At a party there are only single women and married men with their wives. The probability that a randomly selected woman is single is $\dfrac25$. What fraction of the people in the room are married men?

$\textbf{(A)}\ \dfrac13\qquad \textbf{(B)}\ \dfrac38\qquad \textbf{(C)}\ \dfrac25\qquad \textbf{(D)}\ \dfrac{5}{12}\qquad \textbf{(E)}\ \dfrac35$

$\textbf{B}$

Assuming there are $5$ women in the room, of which $5 \times \dfrac25 = 2$ are single and $5-2=3$ are married. Each married woman came with her husband, so there are $3$ married men in the room as well for a total of $5+3=8$ people. The fraction of the people that are married men is $\dfrac38$.

Tess runs counterclockwise around rectangular block $JKLM$. She lives at corner $J$. Which graph could represent her straight-line distance from home?

$\textbf{D}$

From $J$ to $K$ she is running away from home. From $K$ to $L$ she is running away from home with a lower slope in the graph. From $L$ to $M$ she is getting closer to home. And finally the distance turns to 0 when she comes back to point $J$. The answer is D.

In the figure, $ABCD$ is a rectangle and $EFGH$ is a parallelogram. Using the measurements given in the figure, what is the length $d$ of the segment that is perpendicular to $\overline{HE}$ and $\overline{FG}$?

$\textbf{(A)}\ 6.8\qquad \textbf{(B)}\ 7.1\qquad \textbf{(C)}\ 7.6\qquad \textbf{(D)}\ 7.8\qquad \textbf{(E)}\ 8.1$

$\textbf{C}$

The area of the parallelogram $EFGH$ can be found in two ways. The first is by taking rectangle $ABCD$ and subtracting four triangles at the corners to create parallelogram $EFGH$. This is\[(4+6)(5+3) - 2 \times \dfrac12 \times 6 \times 5 - 2 \times \dfrac12 \times 3 \times 4 = 80 - 30 - 12 = 38\]The second way is by multiplying the base of the parallelogram such as $\overline{FG}$ with its altitude $d$, which is perpendicular to both bases. $\triangle FGC$ is a $3-4-5$ right triangle so $\overline{FG} = 5$. Set these two representations of the area together.\[5d = 38 \rightarrow d = 7.6\]

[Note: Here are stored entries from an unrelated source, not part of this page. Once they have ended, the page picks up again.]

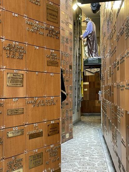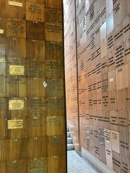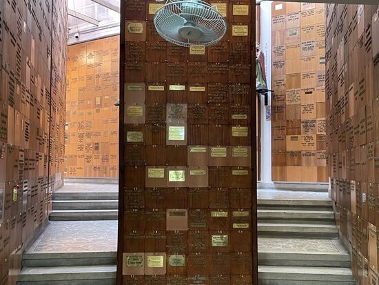 Und dann sehe ich ganz vorne eine spezielle Türe, vor der ein Mann betend kniet. Dahinter scheinen Gedenktafeln zu sein. Ganze Mauern voller Gedenktafeln. Ein Urnenfriedhof?. Ich frage einen Mann, der grad heraus kommt. Flüsternd. "Ist das ein Friedhof?" "Nein", meint er ebenso flüsternd. "Aber eine Gedenkstätte. Da drinnen sind die Urnen von Toten aufbewahrt." Und ja, ich dürfe da selbstvertändlich hinein gehen.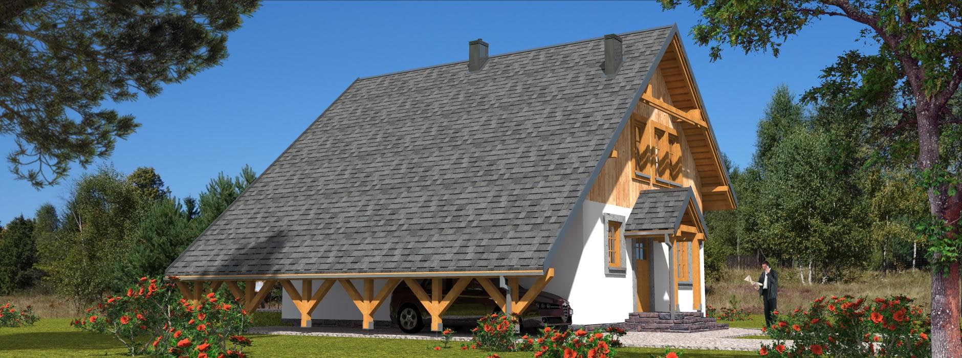 Budynek jednorodzinny, parterowy, z poddaszem mieszkalnym, niepodpiwniczony, 4 pokoje, kuchnia, wiata garażowaRzuty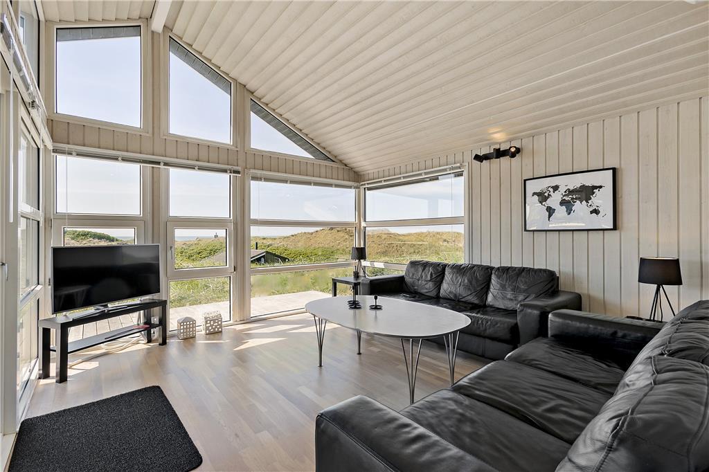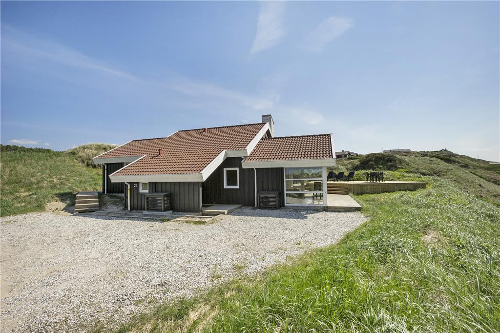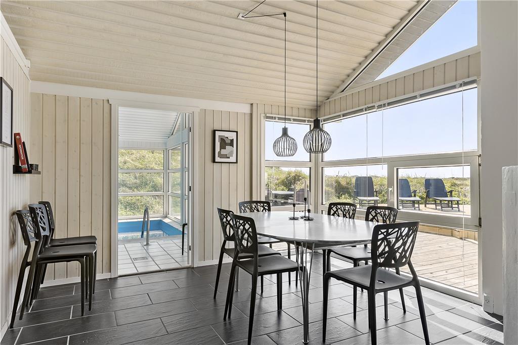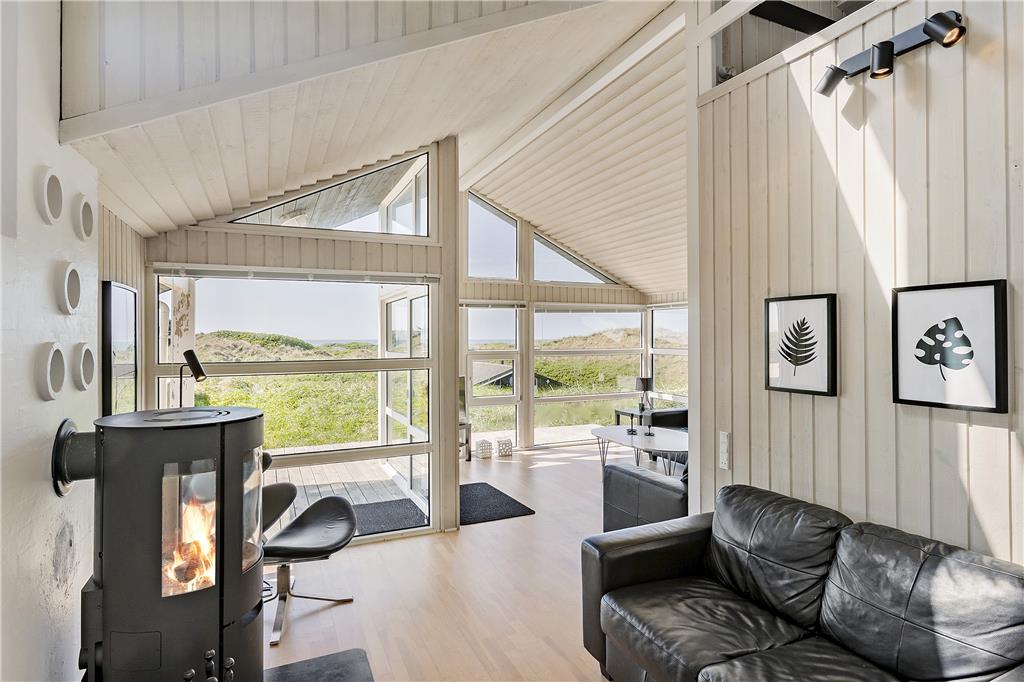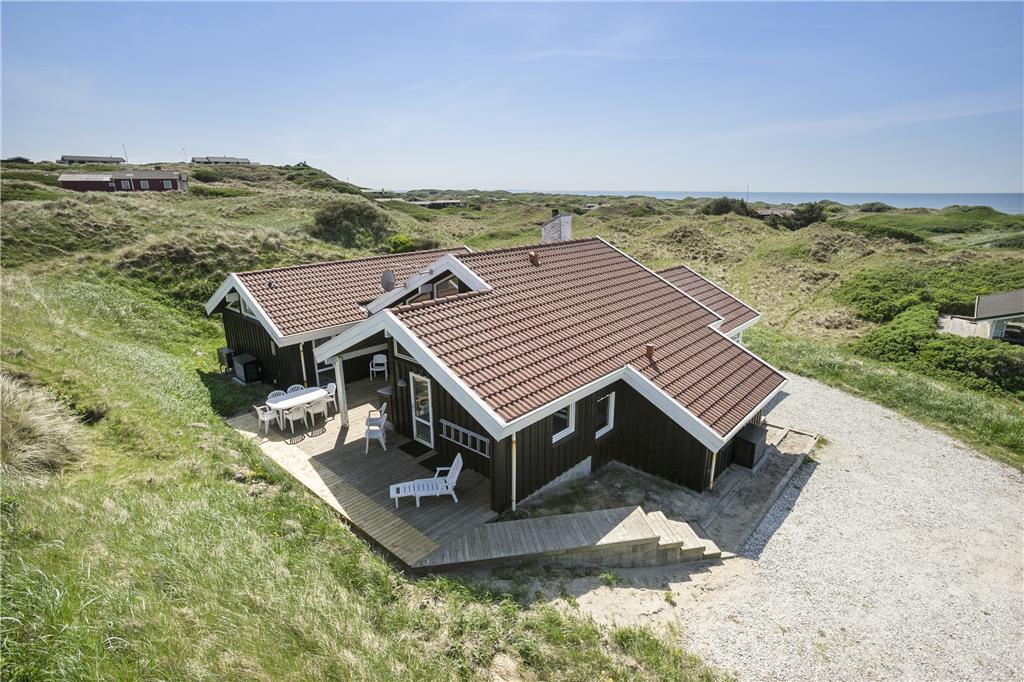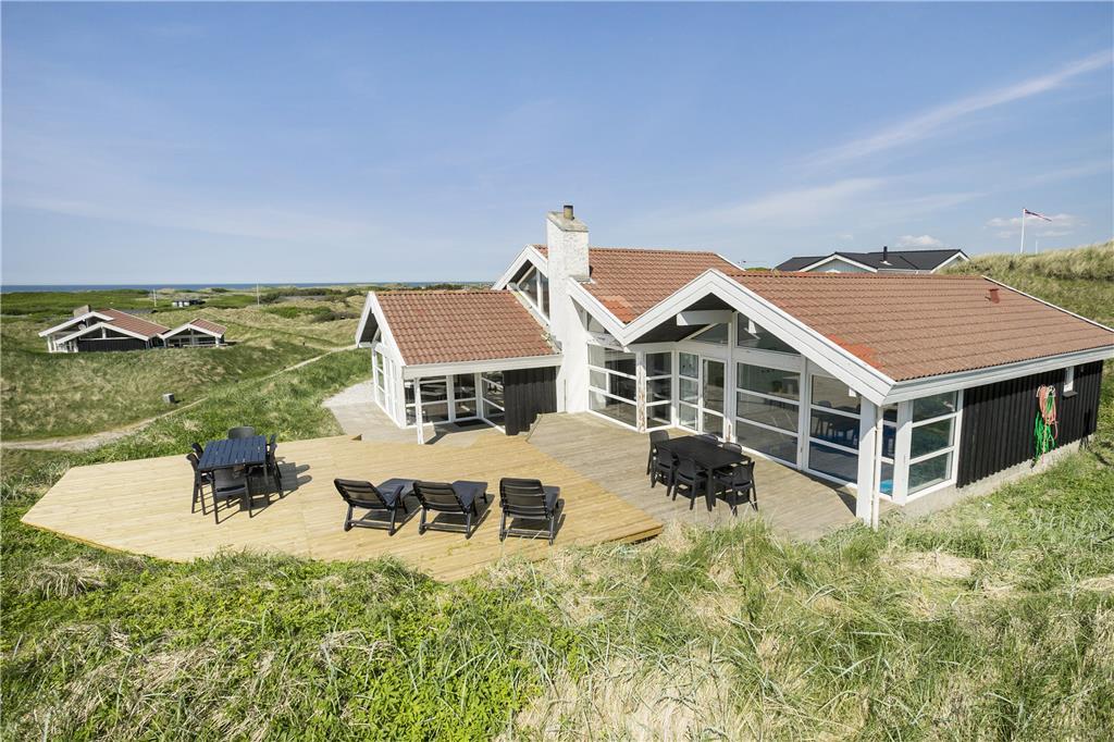 Dette flotte sommerhus ligger højt oppe. Man kommer til indgangen ad en stejl opkørsel, til gengæld kan man fra både grunden og huset nyde udsigten over klitter og Vesterhav. Her er 10 sengepladser fordelt på fire værelser, og to badeværelser, så er man en stor eller to mindre familier, kan man sagtens være her sammen. Sommerhuset er bygget i forskudte plan, køkken og spiseafdeling ligger nogle trin oppe i forhold til stuen, som har en flot brændeovn, tv og mulighed for at slappe af i sofaerne. I forlængelse af spisehjørnet finder man poolafdelingen, og med vaskemaskine og tørretumbler kan man være sikker på altid at have rene og tørre håndklæder til alle badeturene. Desuden er her adgang til en 1000/1000 Mbit internetforbindelse, så pak gerne tablets og pc ned til de dage, hvor vejret indbyder til indendørs sysler.

Two $4 \times 4$ squares intersect at right angles, bisecting their intersecting sides, as shown. The circle's diameter is the segment between the two points of intersection. What is the area of the shaded region created by removing the circle from the squares?

$\textbf{(A)}\ 16-4\pi\qquad \textbf{(B)}\ 16-2\pi \qquad \textbf{(C)}\ 28-4\pi \qquad \textbf{(D)}\ 28-2\pi \qquad \textbf{(E)}\ 32-2\pi$

$\textbf{D}$

The area of the overlapping square is $2\times2=4$. The diameter of the circle is $2\sqrt2$. Hence, the area of the circle is $\pi\times\left(\sqrt2\right)^2=2\pi$. The area of the shaded region is $2\times4\times4-4-2\pi=28-2\pi$.